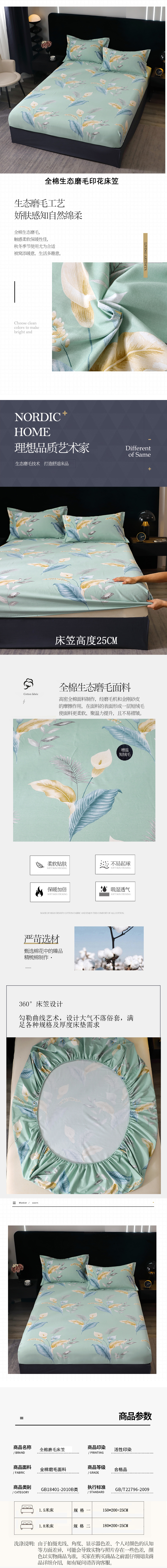 商品名称:晶缦家纺 2025叶语系·纯棉活性全棉磨毛单笠单品床笠床笠单件 云瑶蓝
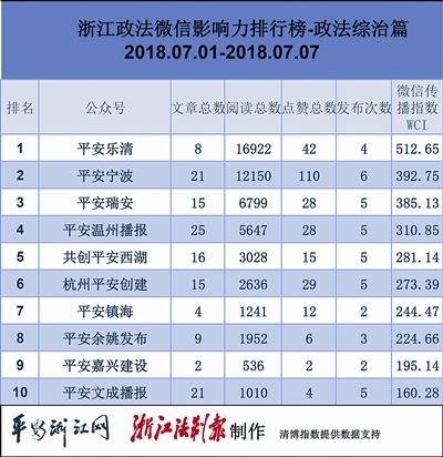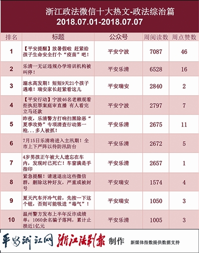 “平安宁波”奋起直追,热文《【平安提醒】放暑假啦 赶紧给孩子生命安全打个“疫苗”吧!》受到广泛关注,阅读数和点赞数双双领跑榜单。实力老将“平安乐清”表现不俗,《乐清一无证违规办学培训机构被叫停!》一文提醒大伙儿,选择培训机构务必“擦亮眼睛”。
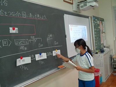 今日の算数は「割合」の学習です。つなげた図やまとめたテープ図をつかって、複数の割合から答えを出す問題を解いていきます。2倍の3倍は6倍というように、割合をまとめて計算することができる事を学びました。
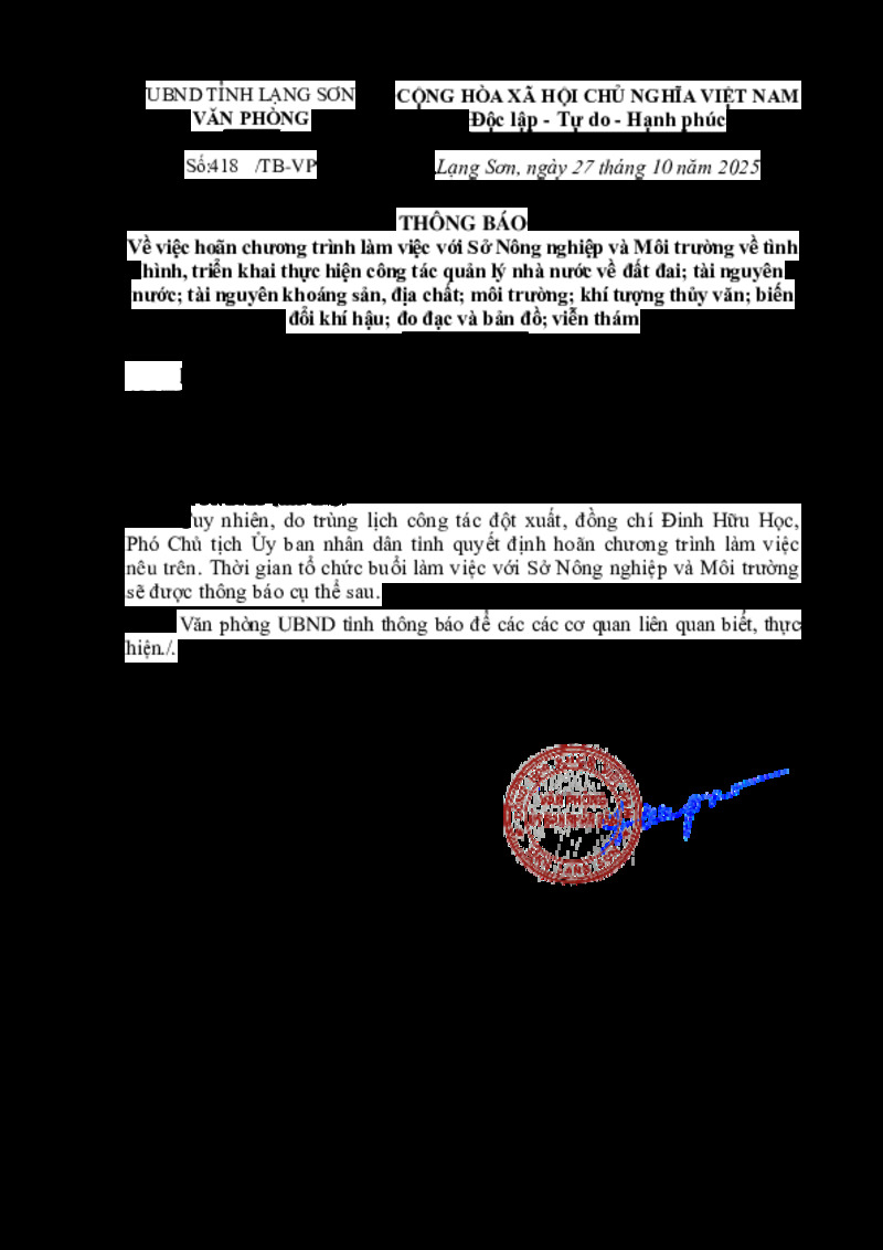 | Tiêu đề văn bản | Về việc hoãn chương trình làm việc với Sở Nông nghiệp và Môi trường về tình hình, triển khai thực hiện công tác quản lý nhà nước về đất đai; tài nguyên nước; tài nguyên khoáng sản, địa chất; môi trường; khí tượng thủy văn; biến đổi khí hậu; đo đạc và bản đồ; viễn thám | ||
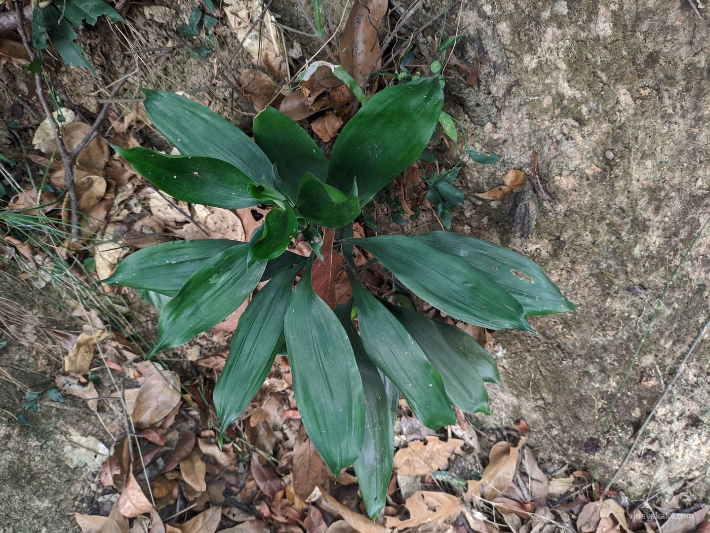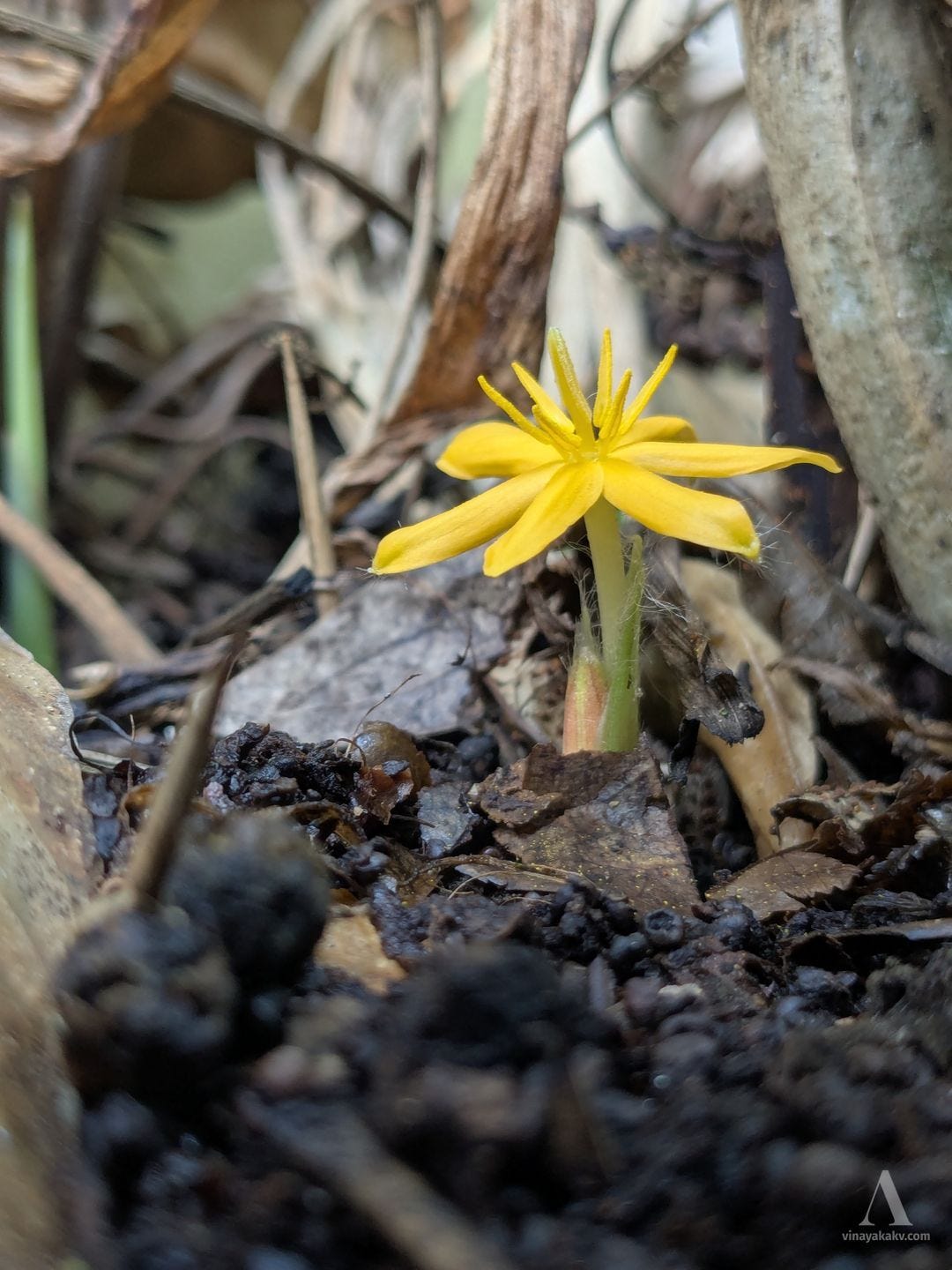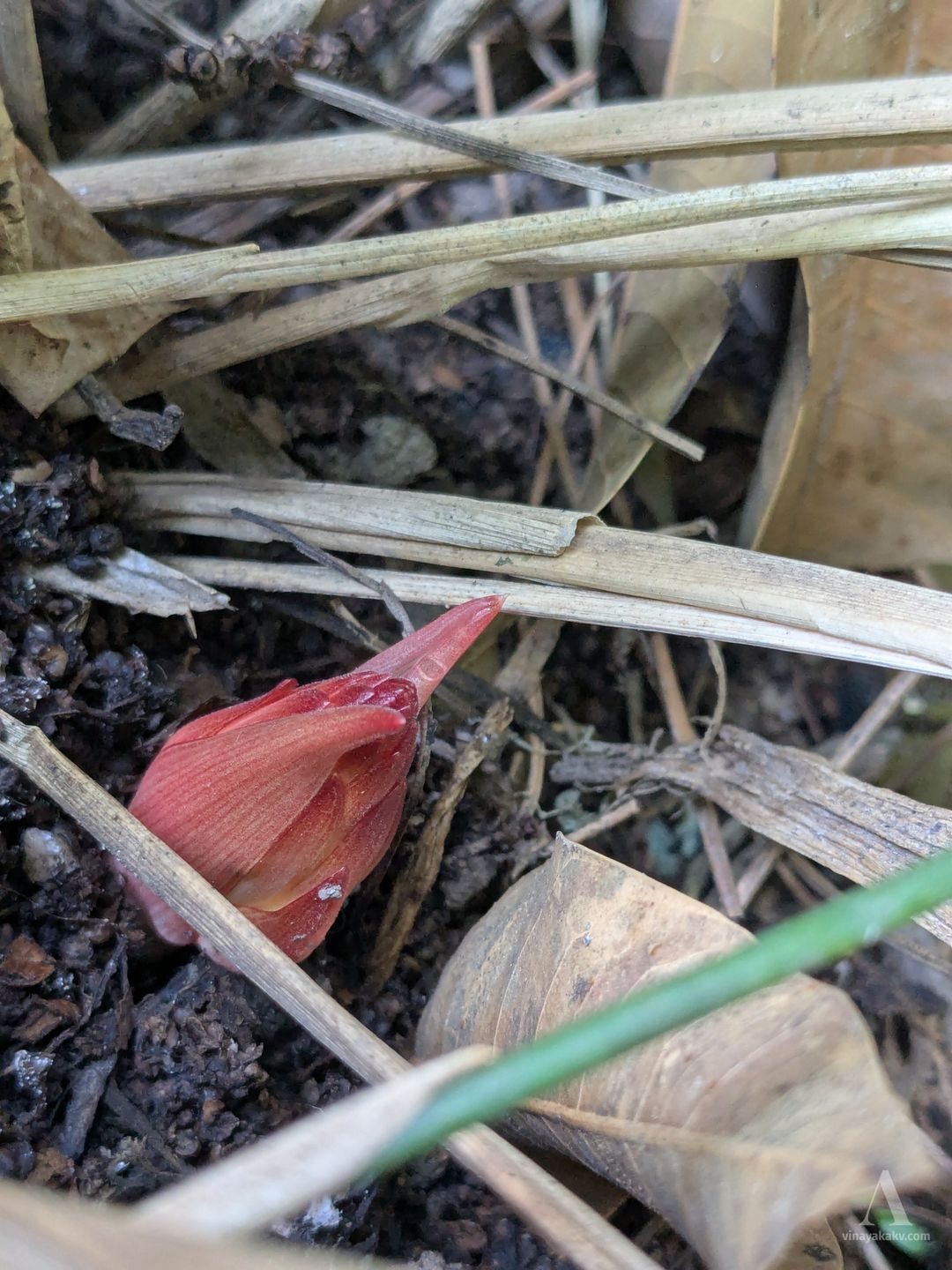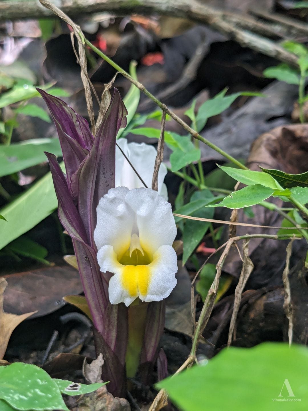 The yellow dots amongst the dried grass mentioned earlier are also contributed by the starry flowers of Curculigo orchioides. They follow a similar flowering cycle as Curcuma — flowers, leaves, and flowers again before wilting. Their leaves superficially resemble those of the coconut — hence the name “Ground coconut”.

◇ ◇ ◇ ◇ ◇ ◇ ◇

_Exercise objective_: Would you return the material exactly, images excluded?

_Result_:
 商品名称:晶缦家纺 2025叶语系·纯棉活性全棉磨毛单笠单品床笠床笠单件 云瑶蓝
 “平安宁波”奋起直追,热文《【平安提醒】放暑假啦 赶紧给孩子生命安全打个“疫苗”吧!》受到广泛关注,阅读数和点赞数双双领跑榜单。实力老将“平安乐清”表现不俗,《乐清一无证违规办学培训机构被叫停!》一文提醒大伙儿,选择培训机构务必“擦亮眼睛”。
 今日の算数は「割合」の学習です。つなげた図やまとめたテープ図をつかって、複数の割合から答えを出す問題を解いていきます。2倍の3倍は6倍というように、割合をまとめて計算することができる事を学びました。
 | Tiêu đề văn bản | Về việc hoãn chương trình làm việc với Sở Nông nghiệp và Môi trường về tình hình, triển khai thực hiện công tác quản lý nhà nước về đất đai; tài nguyên nước; tài nguyên khoáng sản, địa chất; môi trường; khí tượng thủy văn; biến đổi khí hậu; đo đạc và bản đồ; viễn thám | ||
 The yellow dots amongst the dried grass mentioned earlier are also contributed by the starry flowers of Curculigo orchioides. They follow a similar flowering cycle as Curcuma — flowers, leaves, and flowers again before wilting. Their leaves superficially resemble those of the coconut — hence the name “Ground coconut”.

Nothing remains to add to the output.